Через несколько дней Лиза физически совершенно оправилась. По внешнему виду нельзя было подумать, что она недавно, в первый раз в жизни, перенесла операцию, которая не может не оставить следа. Казалось бы: то, что мы избавились от последствий нашей любви, обречённой на полную безнадежность, должно было бы нас отрезвить, привести к постепенному затуханию наших чувств, но случилось наоборот. Мы стали ещё ближе к друг другу. Нас уже сближали не только любовь, но и первое страдание, которое она принесла, общая утрата того, что принесла наша любовь, что было бы нам особенно дорого. Мы уже во всём были мужем и женой, живущими каждым своим душевным проявлением для другого. То, что в силу сложившихся условий мы не могли сейчас обладать друг другом, воспринималось нами как нечто необъяснимое, дикое и, при всём нашем стремлении это преодолеть, – непреодолимое. С чем можно сравнить это ощущение, когда доступное является недоступным, разве что с муками Тантала, мучимого жаждой в воде, к которой только стоит прикоснуться губами. Жажда взаимного обладания и невозможности этого становилась непереносимой, мучительной, отравляла те немногие дни, которых, мы уже чувствовали всей душой, осталось так немного для нашей совместной жизни. Говорят, любовь изобретательна – и мы могли бы найти пути, чтобы в оставшееся нам время принадлежать друг другу, хотя бы крадучи, хотя бы урывками. Но не такая была наша любовь, чтобы удовлетворяться чем-то частично выкроенным для неё. Иного выхода у нас не было – либо всё, либо ничего. Каждый из нас отчётливо сознавал: это всё именно для нас исключено, расставания нам не избежать. Сознание этой неизбежности, как мы ни любили друг друга, заставляло временами желать, чтобы конец света наступил скорее.
XVIII
Так прошёл целый месяц. Не было дня, чтобы я не приходил к Лизе и подолгу не проводил время у неё. Но вот как-то несколько дней из-за попавшейся выгодной работы я не мог у неё бывать. Когда я освободился, в первый же вечер пошёл к Лизе. На мой звонок открыла она сама. Будучи в полной уверенности, что я сейчас увижу луково-солнечную улыбку Лизы, и заранее предвкушая, что сегодня она будет особо милой и радостной, мы же не виделись целых три дня, я был поражён и обескуражен, заметив расстроенное лицо Лизы с совершенно незнакомым мне отчуждённым взглядом, которым она посмотрела на меня, как будто она открыла дверь кому-то постороннему.

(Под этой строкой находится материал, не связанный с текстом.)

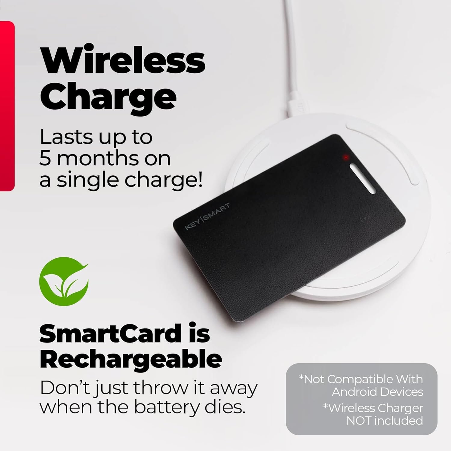 Wireless Charging with up to 5 months of Battery: No special charging cable required. Reusable and built to last. The KeySmart Card lasts up to 5 months on a single charge, so you don’t have to worry about recharging it every week. Wireless Charger is sold separately and not included.

– А, это ты! – почти равнодушно сказала она. – Проходи, посиди в комнате с Джеромочкой, он заболел. Я минут через пятнадцать закончу готовить обед.

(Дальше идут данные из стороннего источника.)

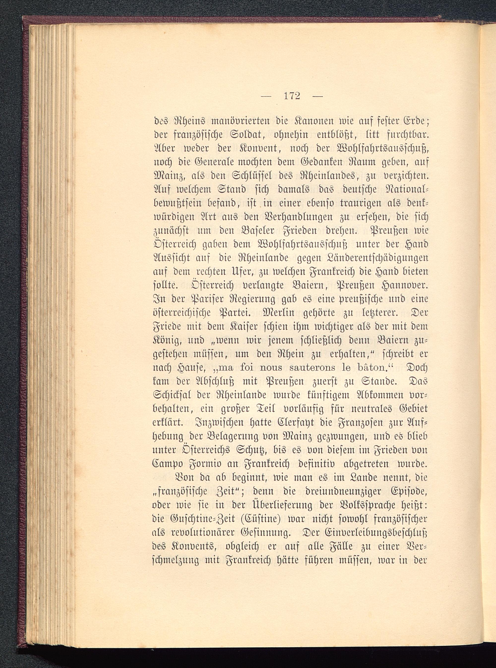 des Rheins manövrierten die Kanonen wie auf fester Erde;der französische Soldat, ohnehin entblößt, litt furchtbar.Aber weder der Konvent, noch der Wohlfahrtsausschuß,noch die Generale mochten dem Gedanken Raum geben, aufMainz , als den Schlüssel des Rheinlandes, zu verzichten.Auf welchem Stand sich damals das deutsche National-bewußtsein befand, ist in einer ebenso traurigen als denk-würdigen Art aus den Verhandlungen zu ersehen, die sichzunächst um den Baseler Frieden drehen. Preußen wieÖsterreich gaben dem Wohlfahrtsausschuß unter der HandAussicht auf die Rheinlande gegen Länderentschädigungenauf dem rechten Ufer, zu welchen Frankreich die Hand bietensollte. Osterreich verlangte Baiern, Preußen Hannover .In der Pariser Regierung gab es eine preußische uud eineösterreichische Partei. Merlin gehörte zu letzterer. DerFriede mit dem Kaiser schien ihm wichtiger als der mit demKönig, und „wenn wir jenem schließlich denn Baiern zu-gestehen müssen, um den Rhein zu erhalten," schreibt ernach Hause, „ins, loi novis saut-si-ons 1s datoir." Dochkam der Abschluß mit Preußen zuerst zu Stande. DasSchicksal der Rheinlande wurde künftigem Abkommen vor-behalten, ein großer Teil vorläufig für neutrales Gebieterklärt. Inzwischen hatte Clerfayt die Franzosen zur Auf-hebung der Belagerung von Mainz gezwungen, uud es bliebunter Österreichs Schutz, bis es von diesem im Frieden vonCampo Formio an Frankreich desinitiv abgetreten wurde.

Наша близость с Лизой стала такой, что любое, даже малейшее переживание одного из нас не проходило незамеченным для другого, а тут вдруг такие равнодушие и отчужденность, и это её расстроенное лицо…
В испуге и уже смутно предчувствуя, в чём дело, я вскрикнул:
– Лиза, что случилось?
– Проходи, я освобожусь и всё расскажу.
Но мне уже не надо было рассказывать. Всё стало ясно. Америка напомнила о себе, она не переставала существовать. У меня перехватило дыхание и защемило сердце. Последнее время мы с Лизой ожидали такого известия со дня на день, хотя всячески избегали разговаривать об Америке. Но я никогда не думал, что её реакция на это будет такой.
– Что же ты стоишь в дверях? – нетерпеливо спросила Лиза.
Не в состоянии что-нибудь сказать, не узнавая Лизу, мучительно думая, что случилось, почему в Лизе произошла такая ничем не объяснимая перемена, я прошёл в комнату.
Первое, что бросилось в глаза, это лежащий на столе развернутый мелко исписанный лист почтовой бумаги, и рядом – вскрытый конверт необычного формата, обклеенный яркими незнакомыми марками. Молнией пронеслось в голове: «Вот и конец! Америка!»
Лежавший в кроватке Джеромочка, увидев меня, обрадованно вскочил и спросил:
– Почему ты так долго не плиходил?
Я был до того расстроен и растерян, что смысл слов ребёнка не дошёл до моего сознания, но, чувствуя, что ребёнку надо ответить, я спросил:
– Ты что сказал, Джеромочка?
– Почему долго не плиходил?
– А… Не мог, у меня было много работы. А почему ты лежишь в кроватке?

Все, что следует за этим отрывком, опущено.